#### [What you will do]
Type out each record word for word. Pictures stay out.

#### [Source records]
##########

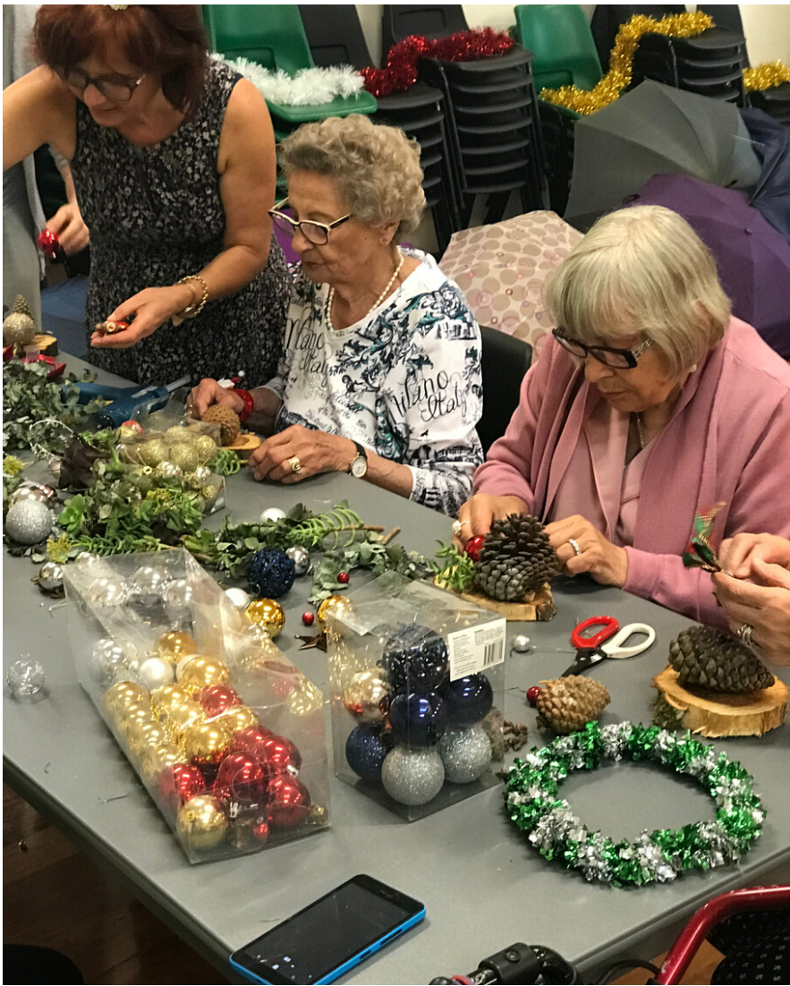
SSG Oakleigh during Christmas meeting.
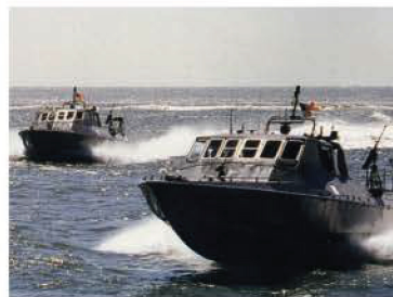
STIDD 800v53 seats - proven aboard the 82 ft. USSOCOM MkV SOC Special Operations high-performance combatant craft.
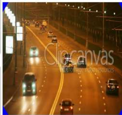
Fig -2 Reference video frame.

The Fig.2 shows the reference video frame where the optical flow is smooth and distortions are not affected. And Fig.3 shows the test video frame affected by salt and pepper noise so that optical flow is inconsistent and hence features are affected.
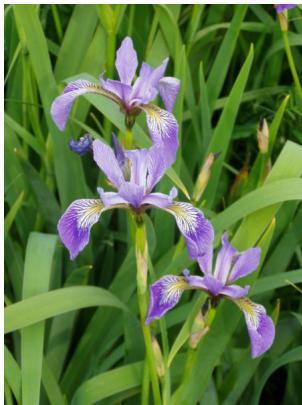
Iris versicolor late spring flower clump forming very tough
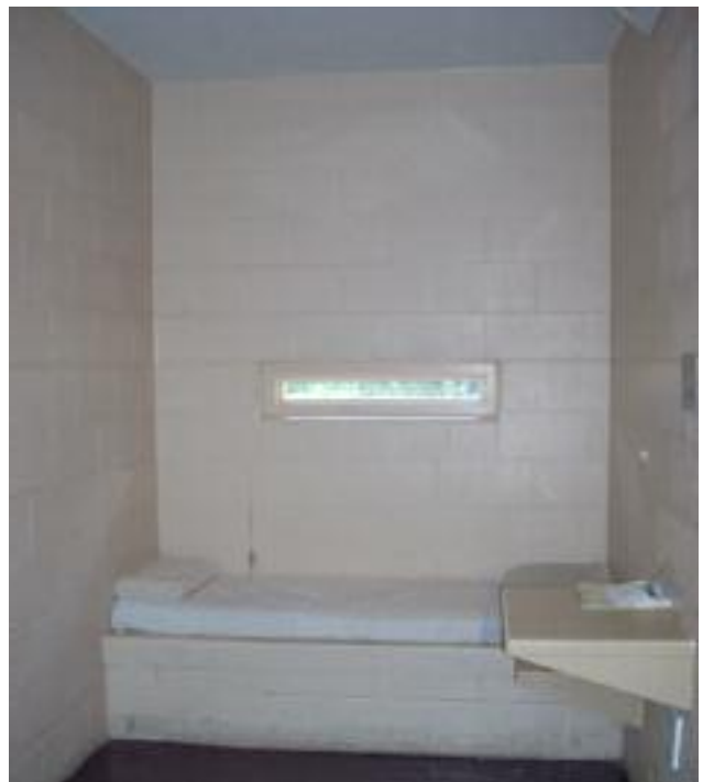
A bedroom at the Southwest Indiana Regional Youth Village (Vincennes), Indiana, is reminiscent of a prison cell.

The problem of institutional facilities and their impact on safety and care is particularly pronounced in staff-secure and secure facilities. (See Appendix F for definition of secure and staff-secure facilities.) In the year we conducted most of our field research, 108 DUCS opened new secure and staff-secure facilities. In part this was a response to the growing number of children referred to DHS from law enforcement. 109 However, DUCS increasingly places children with behavioral and mental health problems in staff-secure and secure facilities, rather than therapeutic programs. Many of these facilities do not yet have adequate staffing in place to handle the increased population, prompting concerns from staff and attorneys about the facilities' ability to meet the complex needs of the children. 110 At the time of our visit to the Northern Virginia Juvenile Detention Home (NOVA) in Alexandria, Virginia, the facility had no daily staff members on site who were trained in DUCS policies and procedures. 111 Rapid population growth seems to have contributed to abuses that developed at both the Away From Home Texas

##########

#### [Written reply]
SSG Oakleigh during Christmas meeting.
STIDD 800v53 seats - proven aboard the 82 ft. USSOCOM MkV SOC Special Operations high-performance combatant craft.
Fig -2 Reference video frame.

The Fig.2 shows the reference video frame where the optical flow is smooth and distortions are not affected. And Fig.3 shows the test video frame affected by salt and pepper noise so that optical flow is inconsistent and hence features are affected.
Iris versicolor late spring flower clump forming very tough
A bedroom at the Southwest Indiana Regional Youth Village (Vincennes), Indiana, is reminiscent of a prison cell.

The problem of institutional facilities and their impact on safety and care is particularly pronounced in staff-secure and secure facilities. (See Appendix F for definition of secure and staff-secure facilities.) In the year we conducted most of our field research, 108 DUCS opened new secure and staff-secure facilities. In part this was a response to the growing number of children referred to DHS from law enforcement. 109 However, DUCS increasingly places children with behavioral and mental health problems in staff-secure and secure facilities, rather than therapeutic programs. Many of these facilities do not yet have adequate staffing in place to handle the increased population, prompting concerns from staff and attorneys about the facilities' ability to meet the complex needs of the children. 110 At the time of our visit to the Northern Virginia Juvenile Detention Home (NOVA) in Alexandria, Virginia, the facility had no daily staff members on site who were trained in DUCS policies and procedures. 111 Rapid population growth seems to have contributed to abuses that developed at both the Away From Home Texas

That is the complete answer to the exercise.